-- Data excerpt follows --

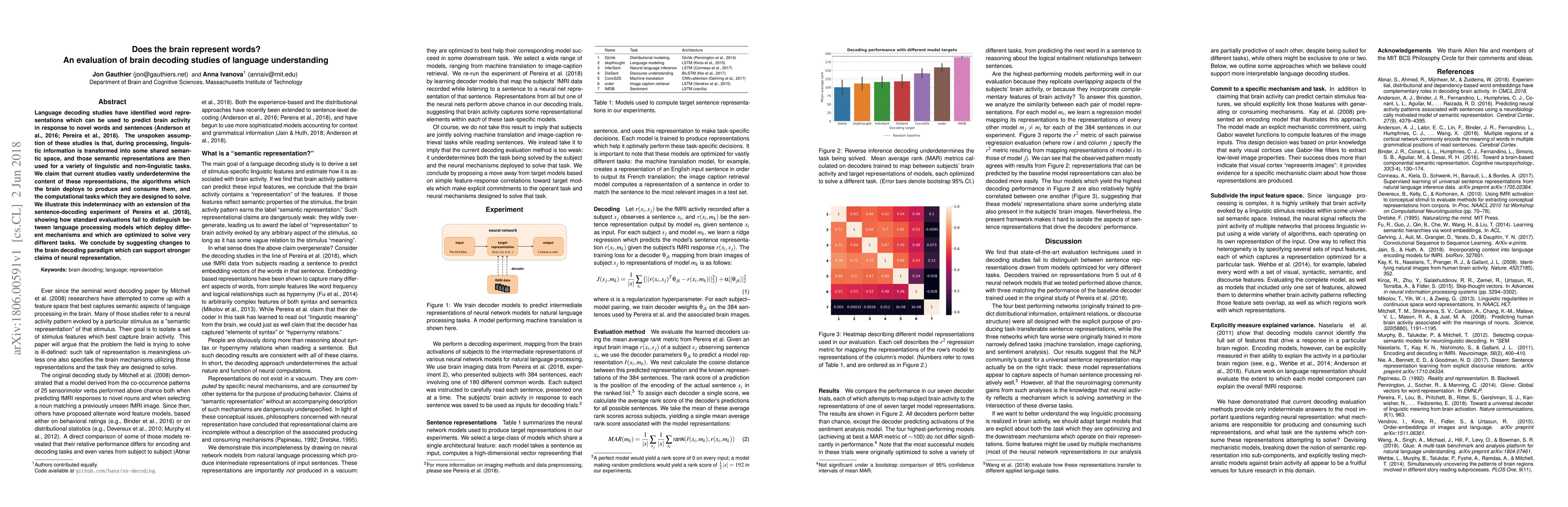 Language decoding studies have identified word representations which can be used to predict brain activity in response to novel words and sentences (Anderson et al., 2016; Pereira et al., 2018). The unspoken assumption of these studies is that, during processing, linguistic information is transformed into some shared semantic space, and those semantic representations are then used for a variety of linguistic and non-linguistic tasks. We claim that current studies vastly underdetermine the content of these representations, the algorithms which the brain deploys to produce and consume them, and the computational tasks which they are designed to solve. We illustrate this indeterminacy with an extension of the sentence-decoding experiment of Pereira et al. (2018), showing how standard evaluations fail to distinguish between language processing models which deploy different mechanisms and which are optimized to solve very different tasks. We conclude by suggesting changes to the brain decoding paradigm which can support stronger claims of neural representation.
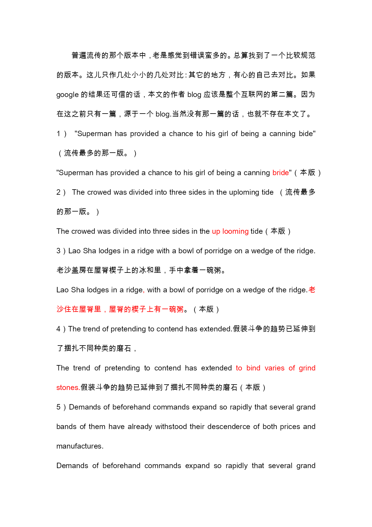 普遍流传的那个版本中,老是感觉到错误蛮多的。总算找到了一个比较规范的版本。这儿只作几处小小的几处对比:其它的地方,有心的自己去对比。如果google的结果还可信的话,本文的作者blog应该是整个互联网的第二篇。因为在这之前只有一篇,源于一个blog.当然没有那一篇的话,也就不存在本文了。1)"Supermanhasprovidedachancetohisgirlofbeingacanningbide"(流传最多的那一版。)"Supermanhasprovidedachancetohisgirlofbein
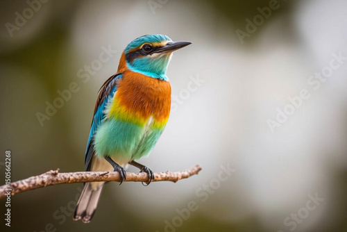 Stunning European Roller Perched on a Tree Branch, Showcasing Its Vivid Blue and Brown Plumage in a Serene Natural Setting, Vibrant Wallpaper
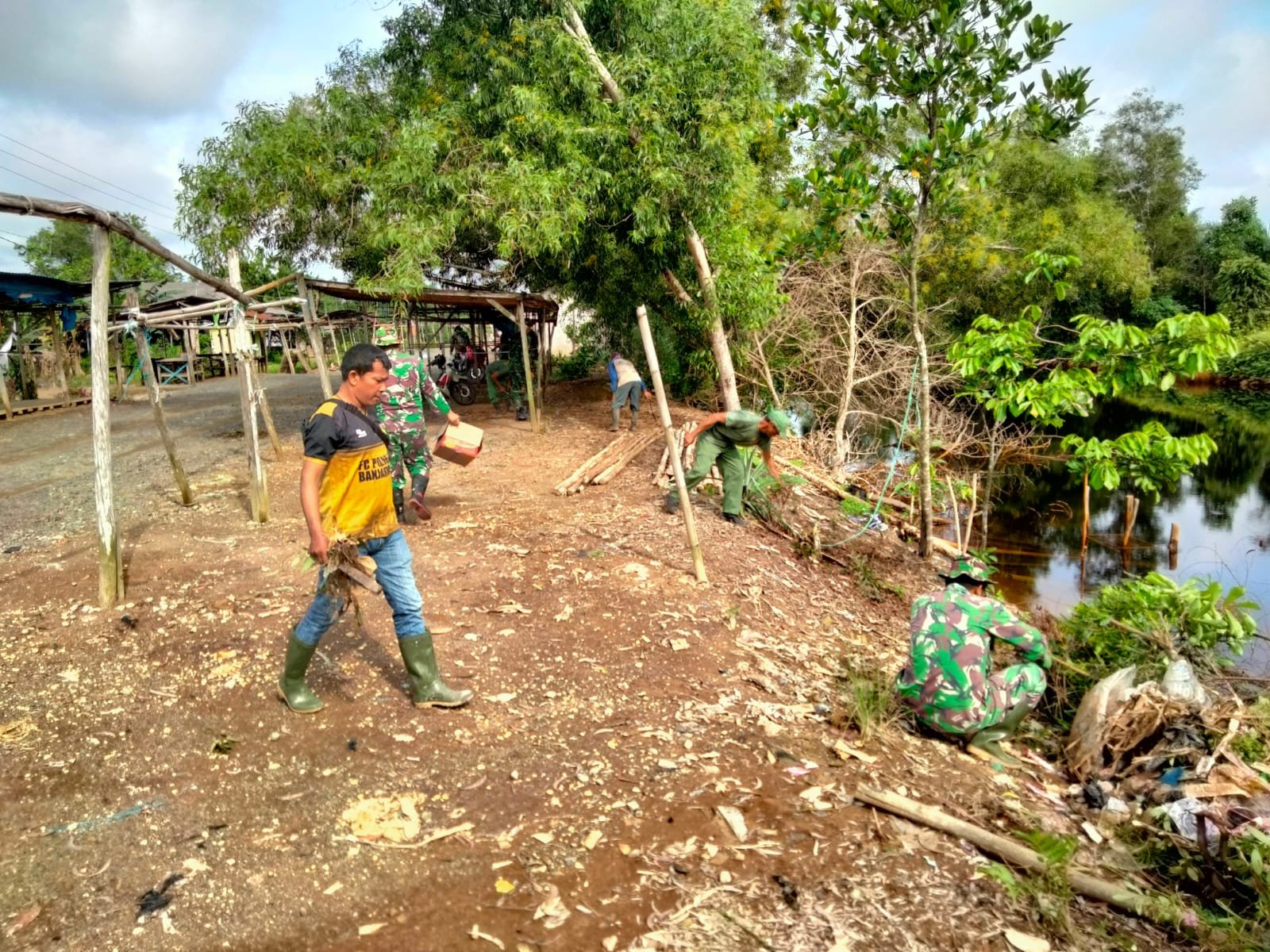 Kegiatan dimulai dengan pembersihan area pasar dan selokan yang selama ini menjadi titik rawan genangan air. Setelah itu, dilanjutkan dengan penanaman pohon di sekitar wilayah koramil dan bantaran air. Penanaman pohon tidak hanya bertujuan memperindah lingkungan, tetapi juga memperkuat daya serap tanah terhadap air hujan sehingga dapat mengurangi risiko banjir.

-- Data excerpt concluded --

> What is required:
What this calls for is a word-for-word copy of the listing above, pictures excluded.

> Result below:
 Language decoding studies have identified word representations which can be used to predict brain activity in response to novel words and sentences (Anderson et al., 2016; Pereira et al., 2018). The unspoken assumption of these studies is that, during processing, linguistic information is transformed into some shared semantic space, and those semantic representations are then used for a variety of linguistic and non-linguistic tasks. We claim that current studies vastly underdetermine the content of these representations, the algorithms which the brain deploys to produce and consume them, and the computational tasks which they are designed to solve. We illustrate this indeterminacy with an extension of the sentence-decoding experiment of Pereira et al. (2018), showing how standard evaluations fail to distinguish between language processing models which deploy different mechanisms and which are optimized to solve very different tasks. We conclude by suggesting changes to the brain decoding paradigm which can support stronger claims of neural representation.
 普遍流传的那个版本中,老是感觉到错误蛮多的。总算找到了一个比较规范的版本。这儿只作几处小小的几处对比:其它的地方,有心的自己去对比。如果google的结果还可信的话,本文的作者blog应该是整个互联网的第二篇。因为在这之前只有一篇,源于一个blog.当然没有那一篇的话,也就不存在本文了。1)"Supermanhasprovidedachancetohisgirlofbeingacanningbide"(流传最多的那一版。)"Supermanhasprovidedachancetohisgirlofbein
 Stunning European Roller Perched on a Tree Branch, Showcasing Its Vivid Blue and Brown Plumage in a Serene Natural Setting, Vibrant Wallpaper
 Kegiatan dimulai dengan pembersihan area pasar dan selokan yang selama ini menjadi titik rawan genangan air. Setelah itu, dilanjutkan dengan penanaman pohon di sekitar wilayah koramil dan bantaran air. Penanaman pohon tidak hanya bertujuan memperindah lingkungan, tetapi juga memperkuat daya serap tanah terhadap air hujan sehingga dapat mengurangi risiko banjir.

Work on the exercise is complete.